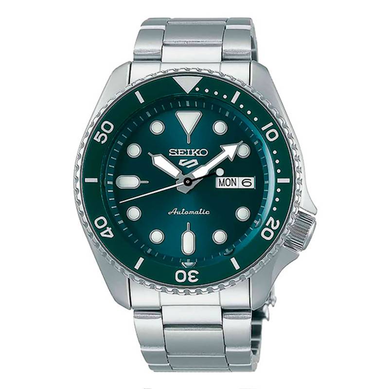 Comme vous pouvez le constater ce modèle a une apparence très singulière dans un style à la fois élégant et sportif. Son cadran de forme ronde est doté d'un fond de couleur verte. Dessus, vous remarquerez des index blancs de différentes formes géométriques. Ils sont revêtus du traitement LumiBrite. Avec ce système, vous serez toujours capables de lire l'heure malgré une luminosité difficile. Deux aiguilles ainsi qu'une trotteuse vont accompagner ces éléments sur le cadran. Elles disposent aussi de ce revêtement LumiBrite pour vous aider dans la lecture de l'heure. A l'index de trois heures enfin, un guichet jour-date trouve place. Afin de signer ce modèle, Seiko va graver le nom de la gamme sous l'index de midi et à six heures, la mention Automatic par rapport au mouvement mis en place.
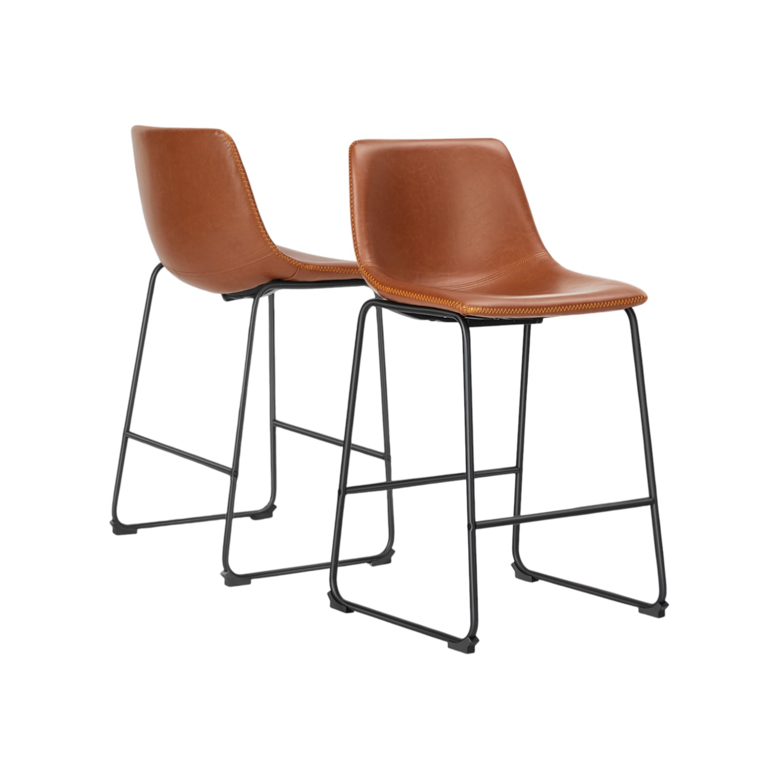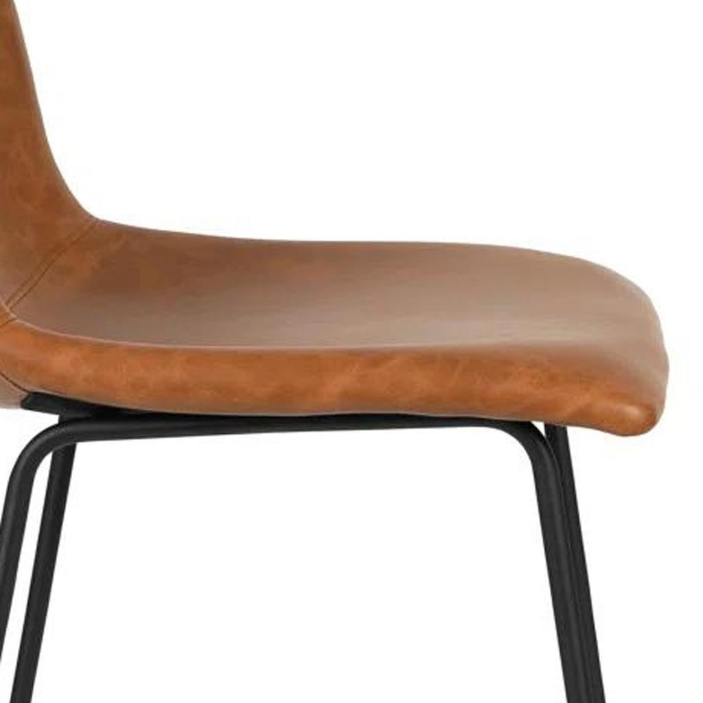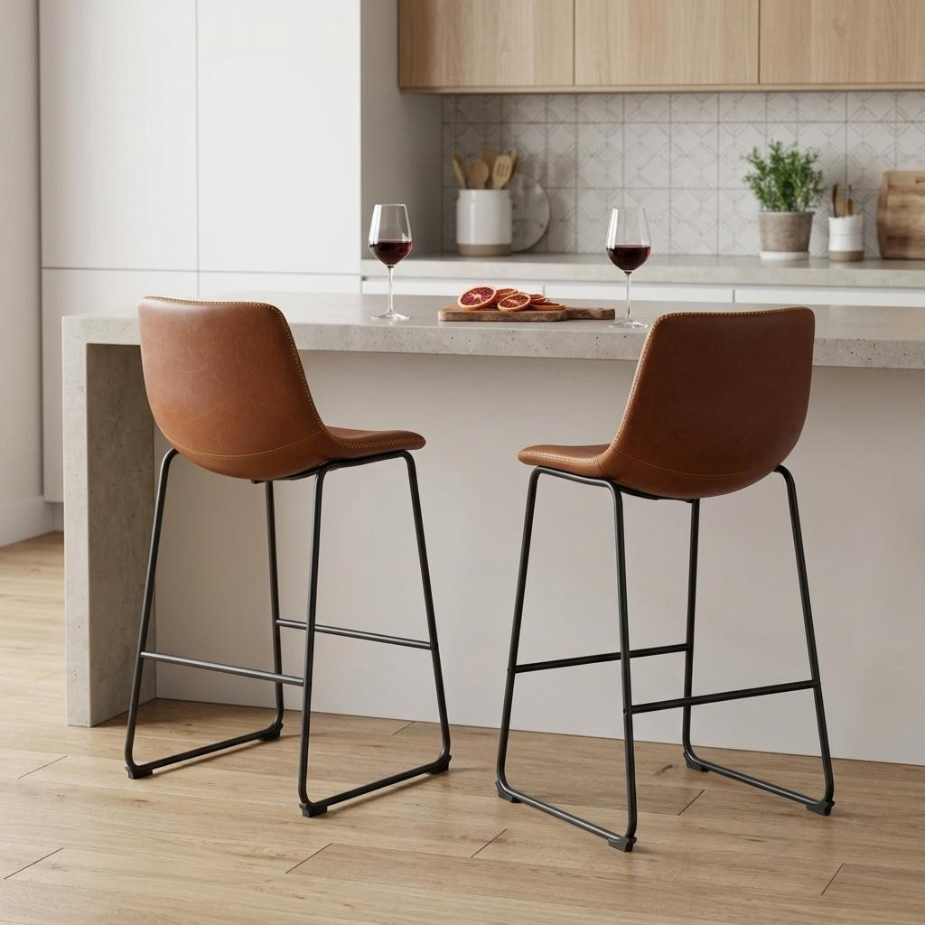 The perfect way to add some extra seating in your home, this set of two 26-inch brown and black faux leather and aluminum counter height bar chairs will elevate the look and vibe of your room. The black coloration of the high quality aluminum base marries nicely with the brown upholstered seat. The bucket seat design provides comfort and style while the full back support enhances relaxation. With a modern aesthetic, these chairs are ideal for any contemporary setting. Each chair stands at a height of 25.9 inches, making them perfect for counter use and versatile in various spaces. Enjoy the perfect blend of function and fashion with this chic set. 36.20-inch h x 20.80-inch w x 18.50-inch d.
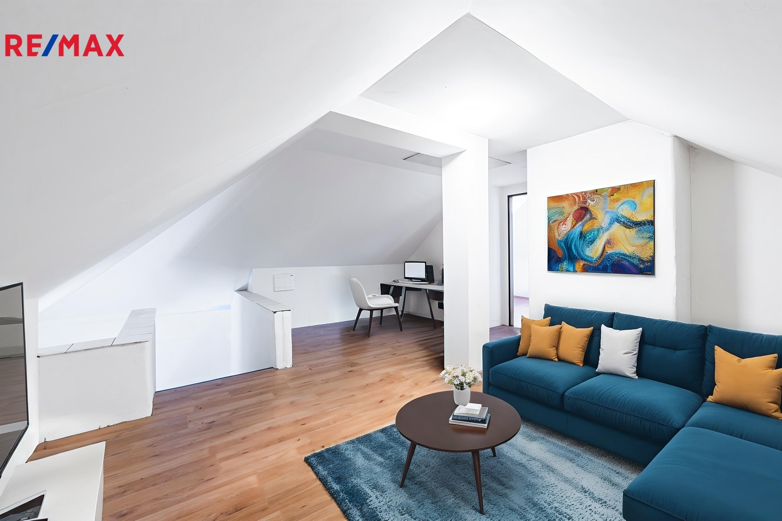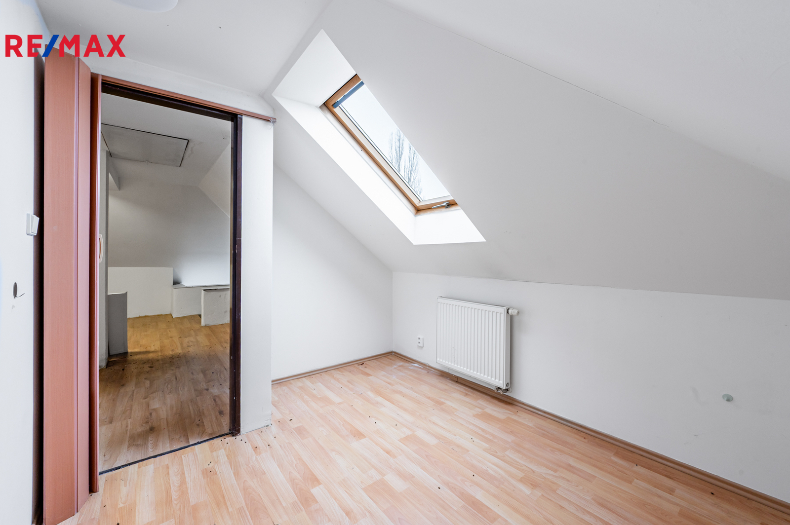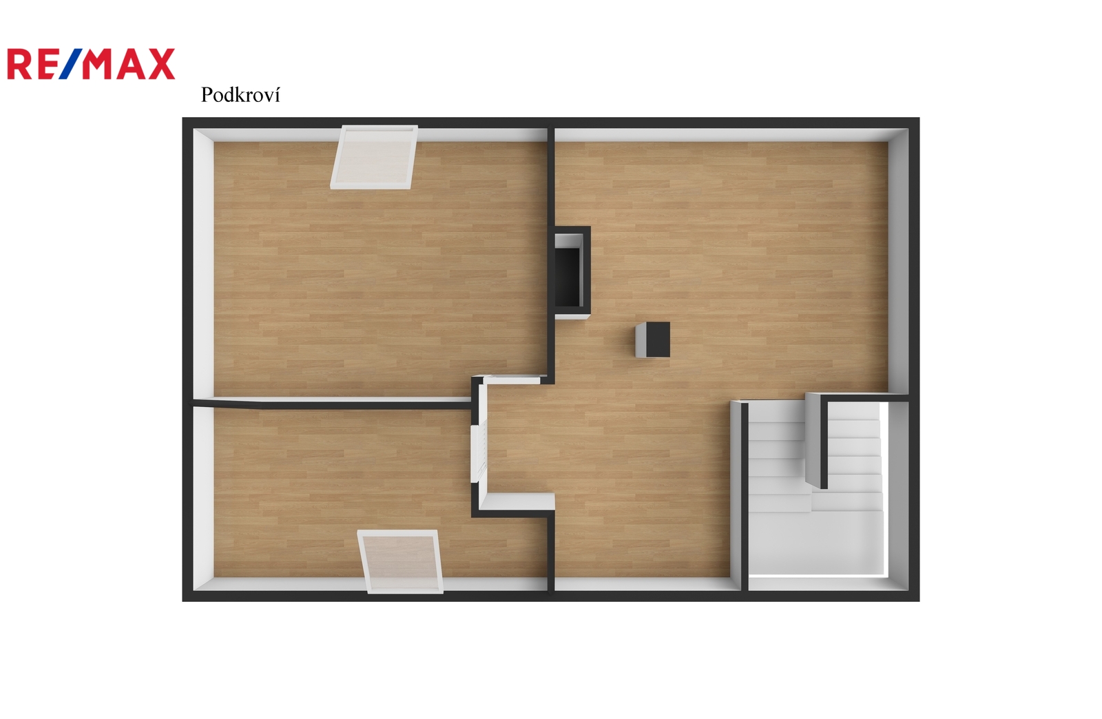 3.NP: obytné podkroví s otevřeným prostorem navazujícím na schodiště a dvěma menšími pokoji

▶ [PROBLEM STATEMENT] Set down the data again, exactly, without images.

▶ [REPLY]
 Comme vous pouvez le constater ce modèle a une apparence très singulière dans un style à la fois élégant et sportif. Son cadran de forme ronde est doté d'un fond de couleur verte. Dessus, vous remarquerez des index blancs de différentes formes géométriques. Ils sont revêtus du traitement LumiBrite. Avec ce système, vous serez toujours capables de lire l'heure malgré une luminosité difficile. Deux aiguilles ainsi qu'une trotteuse vont accompagner ces éléments sur le cadran. Elles disposent aussi de ce revêtement LumiBrite pour vous aider dans la lecture de l'heure. A l'index de trois heures enfin, un guichet jour-date trouve place. Afin de signer ce modèle, Seiko va graver le nom de la gamme sous l'index de midi et à six heures, la mention Automatic par rapport au mouvement mis en place.
 The perfect way to add some extra seating in your home, this set of two 26-inch brown and black faux leather and aluminum counter height bar chairs will elevate the look and vibe of your room. The black coloration of the high quality aluminum base marries nicely with the brown upholstered seat. The bucket seat design provides comfort and style while the full back support enhances relaxation. With a modern aesthetic, these chairs are ideal for any contemporary setting. Each chair stands at a height of 25.9 inches, making them perfect for counter use and versatile in various spaces. Enjoy the perfect blend of function and fashion with this chic set. 36.20-inch h x 20.80-inch w x 18.50-inch d.
 3.NP: obytné podkroví s otevřeným prostorem navazujícím na schodiště a dvěma menšími pokoji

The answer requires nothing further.